Pick a subset of items that maximizes total value without exceeding a weight cap — a binary problem with one constraint.

import turboswarm as pso

values  = [10, 13, 18, 31, 7, 15]
weights = [2,  3,  4,  7, 1,  3]
cap = 10

result = pso.minimize(
    # maximize value  ->  minimize negative value
    lambda x: -sum(v * xi for v, xi in zip(values, x)),
    bounds=[(0, 1)] * len(values),
    binary=True,                                       # variables are {0, 1}
    constraints=[                                      # g(x) <= 0
        lambda x: sum(w * xi for w, xi in zip(weights, x)) - cap
    ],
    n_particles=50, max_iter=200, seed=1,
)

chosen = [int(b) for b in result.best_position]
print(chosen)                                          # [1, 0, 1, 0, 1, 1]
print(sum(v for v, c in zip(values, chosen) if c))     # value  = 50
print(sum(w for w, c in zip(weights, chosen) if c))    # weight = 10  (== cap)

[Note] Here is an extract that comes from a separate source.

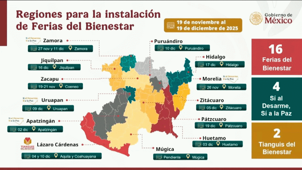 Las próximas jornadas se realizarán en Morelia el 26 de noviembre, Apatzingán el 2 de diciembre, Uruapan el 9 de diciembre y Zamora el 11 de diciembre, todas bajo el mismo mecanismo de entrega voluntaria y confidencial.

binary=True makes each variable a {0, 1} choice; the constraint is written in the g(x) ≤ 0 form (here total weight − cap). The returned best_position comes back as whole-valued floats, so we cast to int.

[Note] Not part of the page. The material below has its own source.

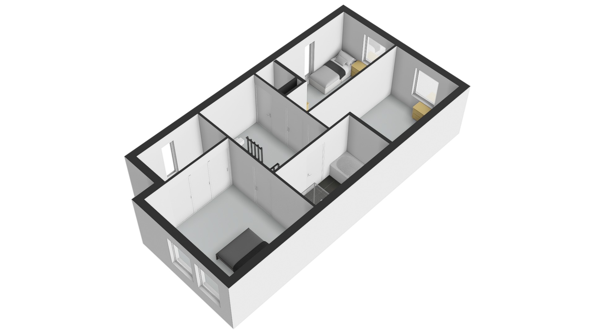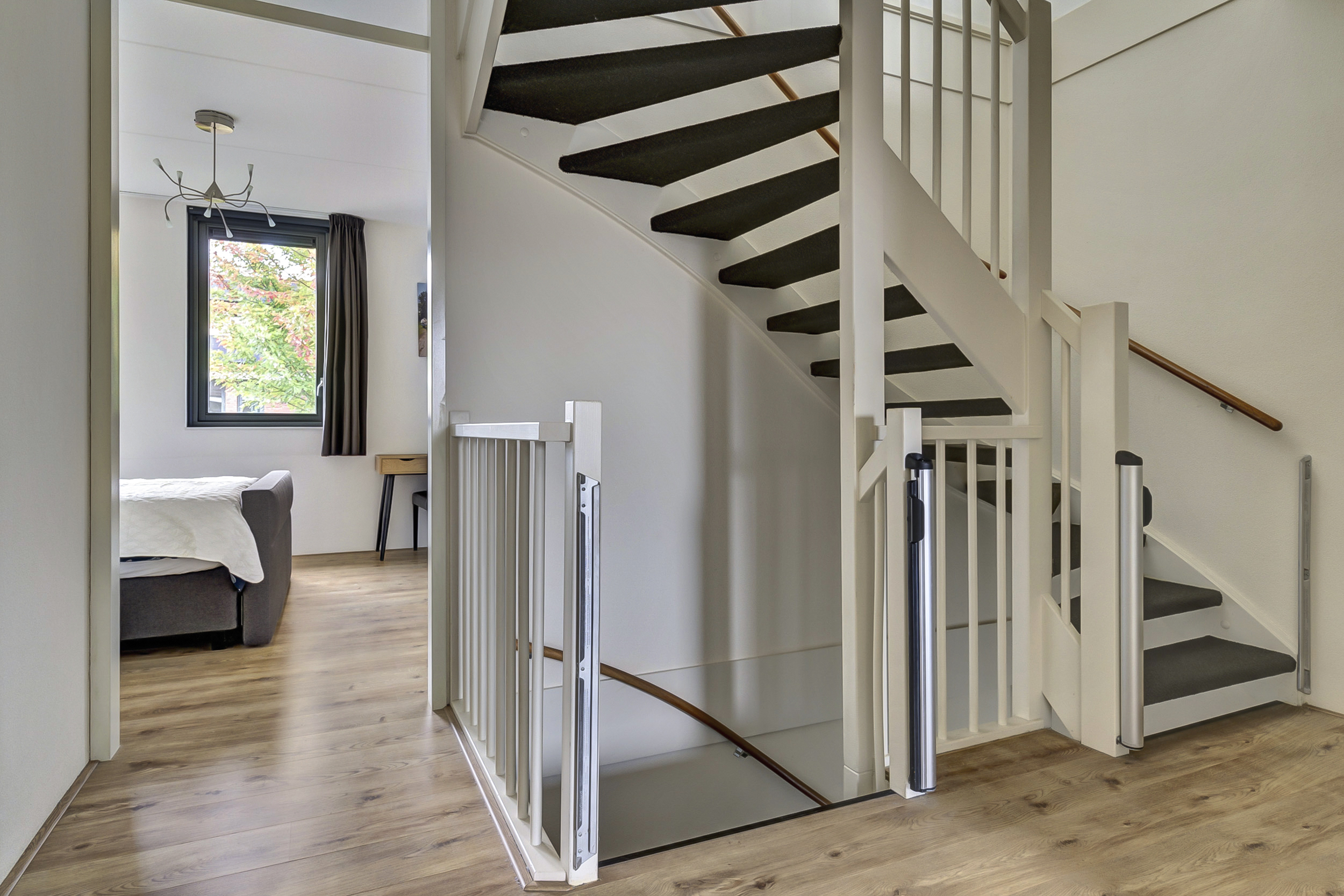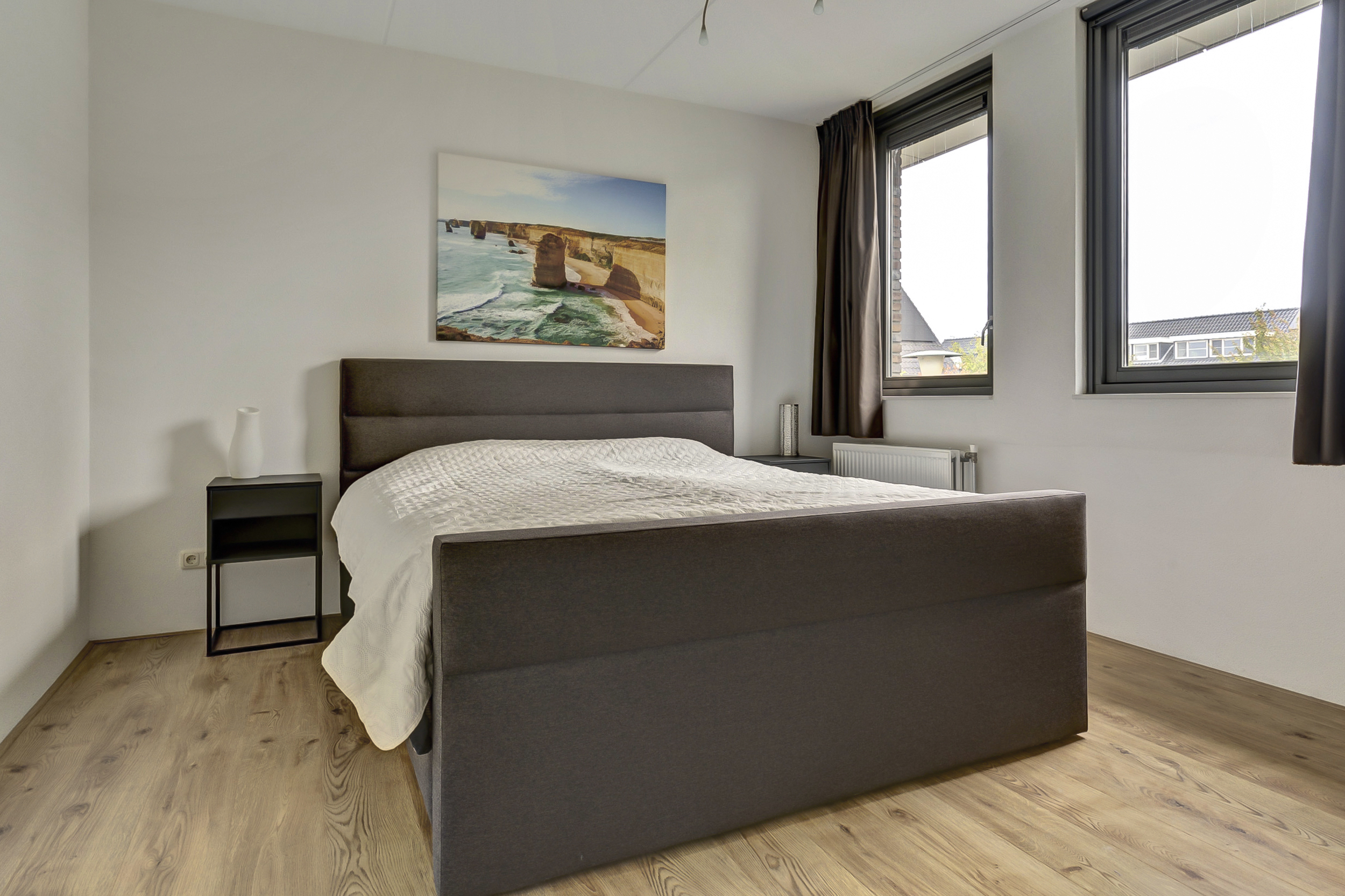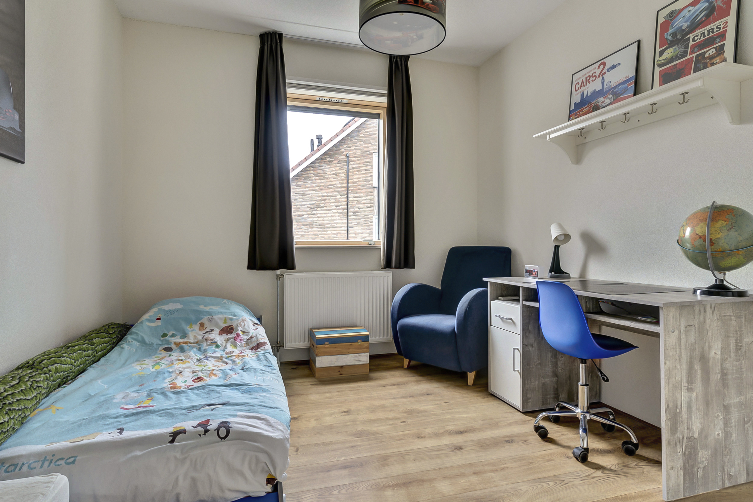 Op de eerste verdieping kom je uit op een ruime overloop. Hier vind je drie volwaardige slaapkamers. De hoofdslaapkamer beschikt over een royale inloopkast – een droom voor iedereen die van overzicht en ruimte houdt. De andere kamers zijn ideaal als kinder-, werk- of logeerkamer.

Did it find the true optimum?

This instance is small enough to brute-force, which confirms PSO found the global optimum:

import itertools

best = max(
    (combo for combo in itertools.product([0, 1], repeat=len(values))
     if sum(w * c for w, c in zip(weights, combo)) <= cap),
    key=lambda combo: sum(v * c for v, c in zip(values, combo)),
)
print(sum(v * c for v, c in zip(values, best)))        # 50  (same value)

Mixed variable types

Real problems often mix continuous, integer and binary variables. Pass var_types — one of "real", "integer" or "binary" per dimension:

result = pso.minimize(
    lambda x: (x[0] - 1.5) ** 2 + (x[1] - 3) ** 2 + (x[2] - 1) ** 2,
    bounds=[(-5, 5), (-10, 10), (0, 1)],
    var_types=["real", "integer", "binary"],
    seed=7,
)
print(result.best_position)        # [1.5, 3.0, 1.0]
print(f"{result.best_value:.4f}")  # 0.0000

The continuous dimension settles on 1.5, while the integer and binary dimensions come back whole-valued (3.0, 1.0). The key idea: the swarm always searches a continuous space, and the integer/binary nature is applied only when the objective is evaluated — so every variant, topology and constraint works unchanged across variable types.